Here, scatter plot to the left is data where the clustering isn’t done yet. Whereas, scatter plot to the right is clustered i.e. the data is classified based on various features. When a particular input is fed into clustering algorithm, a prediction is done by checking which cluster should it belong to based on its features.
K-Means Clustering in Python
This is simplest clustering algorithm. The “K” in the k-means refers to the fact that the algorithm is look for “K” different clusters. Which means that a when a k-mean algorithm is applied to a data set then the algorithm will split he data set into “K” different clusters i.e. when we specify value of k=3, then the algorithm will the data set into 3 clusters.
Algorithm:
- Segregate the data set into “k” groups or cluster
- Select k points at random as cluster centroids or seed points.

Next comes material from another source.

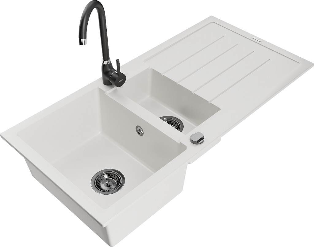 Technické údaje: Kuchynský drez: Rozmer: 1000x500x200 mm Hĺbka komory: 190 mm (väčšia), 115 mm (menšia) Rozmery komory: 430x330 mm (väčšie), 340x170 mm (menšie) Priemer odtoku: ø90 mm Typ: 1,5-miska s odkvapkávačom Typ: Zapustené do pracovnej dosky Farba: Biela Povrchová úprava sifónu: čierna Materiál: žula (80% žulové kamenivo 20% živice) Prepadový otvor: Áno Otvory: (batérie, automat) 2 Inštalácia: Univerzálna, je možné inštalovať s odkvapkávačom na ľavú alebo pravú stranu Vysoká odolnosť proti poškriabaniu a zmene farby Odolnosť proti tepelným šokom Povrch pre ľahké čistenie Dva dodatočné vyfrézované otvory na samodierovanie ø35 Kuchynská batéria: Materiál: mosadz Farba: Čierna Hlava: Keramická Perlátor: Áno Typ: Jednopákové Výška batérie: 335 mm Rozsah výtoku: 180 mm(GT) Ean: 5905315015761

- Assign objects to their closest cluster on the basis of Euclidean distance function between centroid and the object.
- Determine the centroid (seed point) or mean of all objects in each cluster.
- Repeat steps number 2, 3 and 4 until the same data objects are assigned to each cluster in consecutive rounds.
Hierarchical Clustering
Hierarchical clustering is bit different from K means clustering here data is assigned to cluster of their own. There are two approaches in hierarchical clustering they are bottom up approach and top down approach. In bottom up approach each data point is regarded as a cluster and then the two cluster which are closest to each other are merged to form cluster of clusters. The algorithm goes on till one cluster is left. Whereas, in top-down approach all the data points are regarded as one big cluster which is broken down into various small clusters.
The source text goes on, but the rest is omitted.